WHAT YOU ARE ASKED TO DO: For the records below, output word for word the lines from the one with "四川新聞網、雙流發布聚焦通威太陽能員工積極參與愛心獻血公益活動" up to and including the one with "Carolina Red is". No pictures.

STUDY MATERIAL:

-*-

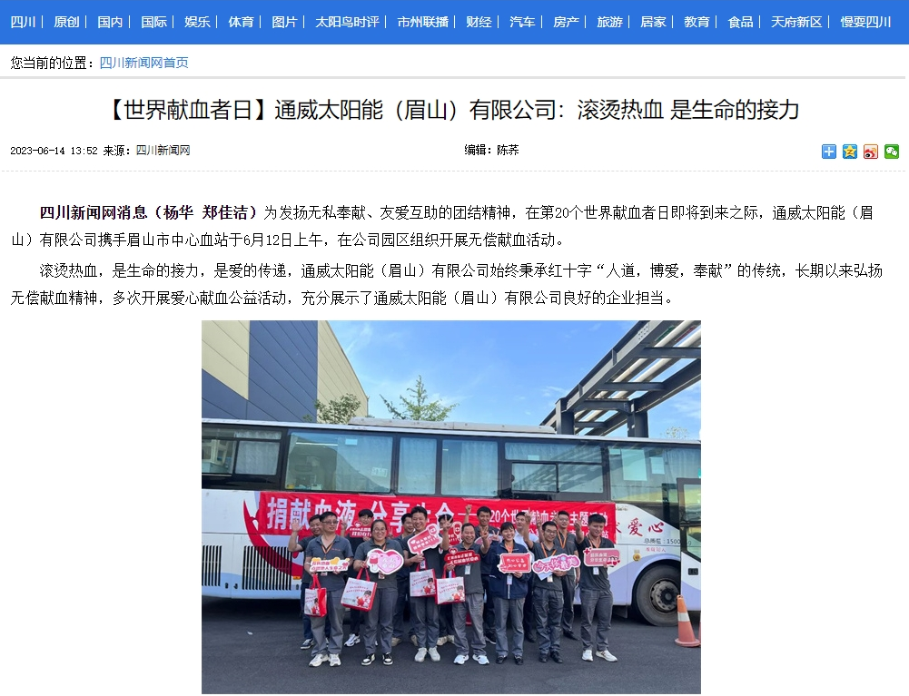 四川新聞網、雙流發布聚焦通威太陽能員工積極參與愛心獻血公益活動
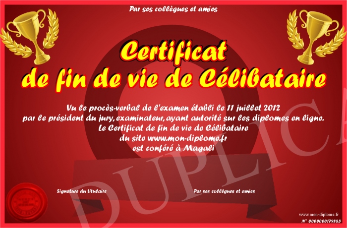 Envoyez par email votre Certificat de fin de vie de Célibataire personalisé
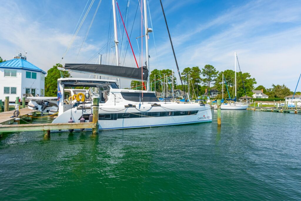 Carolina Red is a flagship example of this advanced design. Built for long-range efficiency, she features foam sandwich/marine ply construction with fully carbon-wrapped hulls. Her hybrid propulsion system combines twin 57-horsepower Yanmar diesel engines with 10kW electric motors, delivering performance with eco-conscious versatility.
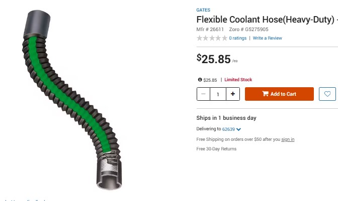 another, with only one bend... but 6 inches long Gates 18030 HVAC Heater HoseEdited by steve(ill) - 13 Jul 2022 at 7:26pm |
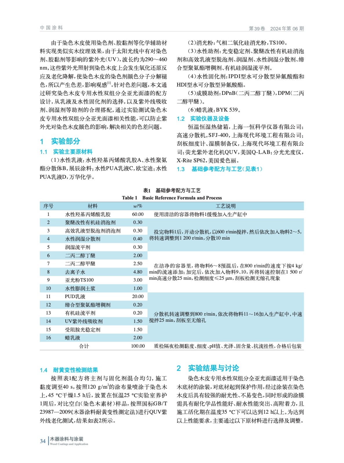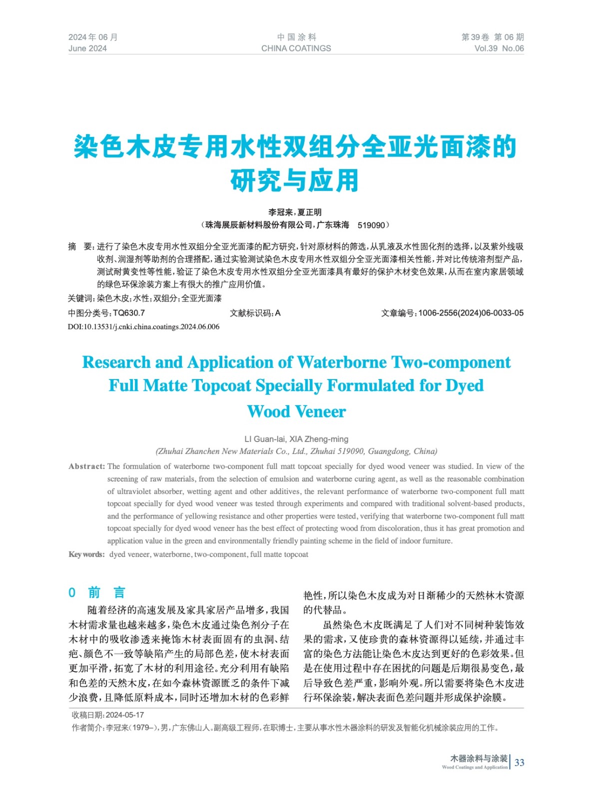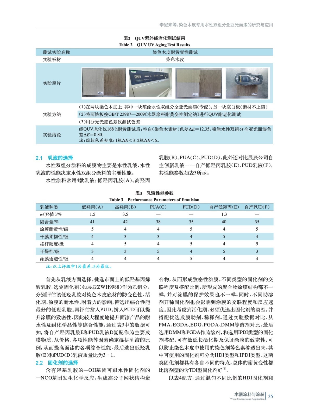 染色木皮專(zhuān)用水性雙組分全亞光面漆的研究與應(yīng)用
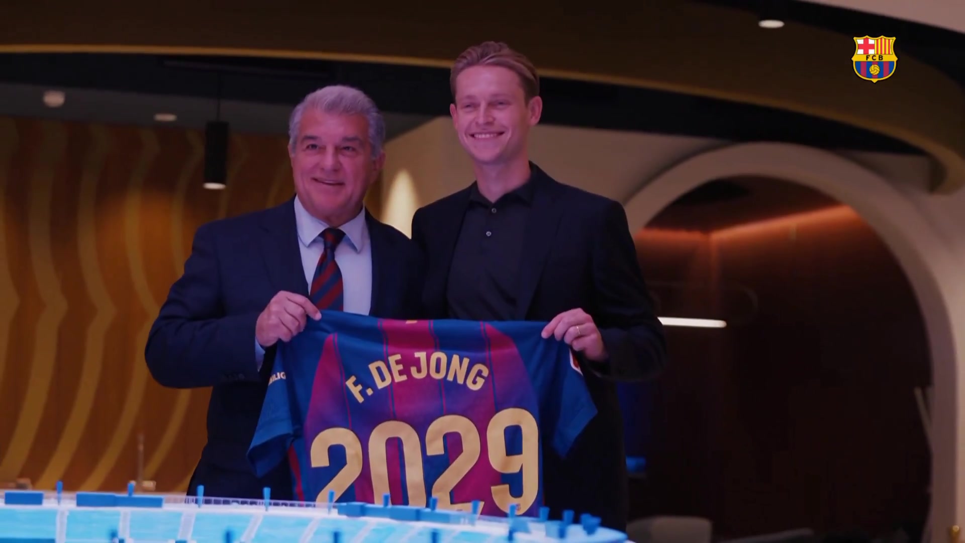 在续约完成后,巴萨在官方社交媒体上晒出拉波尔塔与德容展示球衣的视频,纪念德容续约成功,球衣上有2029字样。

-*-

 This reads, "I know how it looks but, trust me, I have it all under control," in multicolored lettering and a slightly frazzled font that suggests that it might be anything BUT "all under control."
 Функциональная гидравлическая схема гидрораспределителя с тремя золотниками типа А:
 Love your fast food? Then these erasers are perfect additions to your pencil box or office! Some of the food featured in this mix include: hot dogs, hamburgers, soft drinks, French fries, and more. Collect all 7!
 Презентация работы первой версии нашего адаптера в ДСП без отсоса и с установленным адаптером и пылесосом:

-*-

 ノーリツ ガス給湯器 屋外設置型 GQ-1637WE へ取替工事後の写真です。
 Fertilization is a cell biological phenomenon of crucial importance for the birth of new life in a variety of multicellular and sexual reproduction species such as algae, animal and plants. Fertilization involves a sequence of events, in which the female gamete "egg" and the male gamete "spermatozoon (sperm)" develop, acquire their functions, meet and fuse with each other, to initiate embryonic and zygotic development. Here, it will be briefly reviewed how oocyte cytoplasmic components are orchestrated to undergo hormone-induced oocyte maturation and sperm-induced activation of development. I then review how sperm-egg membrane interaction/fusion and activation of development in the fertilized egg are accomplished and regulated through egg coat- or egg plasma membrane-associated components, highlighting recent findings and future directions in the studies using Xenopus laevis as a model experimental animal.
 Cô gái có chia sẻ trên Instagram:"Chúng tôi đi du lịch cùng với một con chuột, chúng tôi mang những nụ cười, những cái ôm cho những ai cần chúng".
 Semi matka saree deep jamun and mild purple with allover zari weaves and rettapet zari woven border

-*-

RESULT:
 四川新聞網、雙流發布聚焦通威太陽能員工積極參與愛心獻血公益活動
 Envoyez par email votre Certificat de fin de vie de Célibataire personalisé
 Carolina Red is a flagship example of this advanced design. Built for long-range efficiency, she features foam sandwich/marine ply construction with fully carbon-wrapped hulls. Her hybrid propulsion system combines twin 57-horsepower Yanmar diesel engines with 10kW electric motors, delivering performance with eco-conscious versatility.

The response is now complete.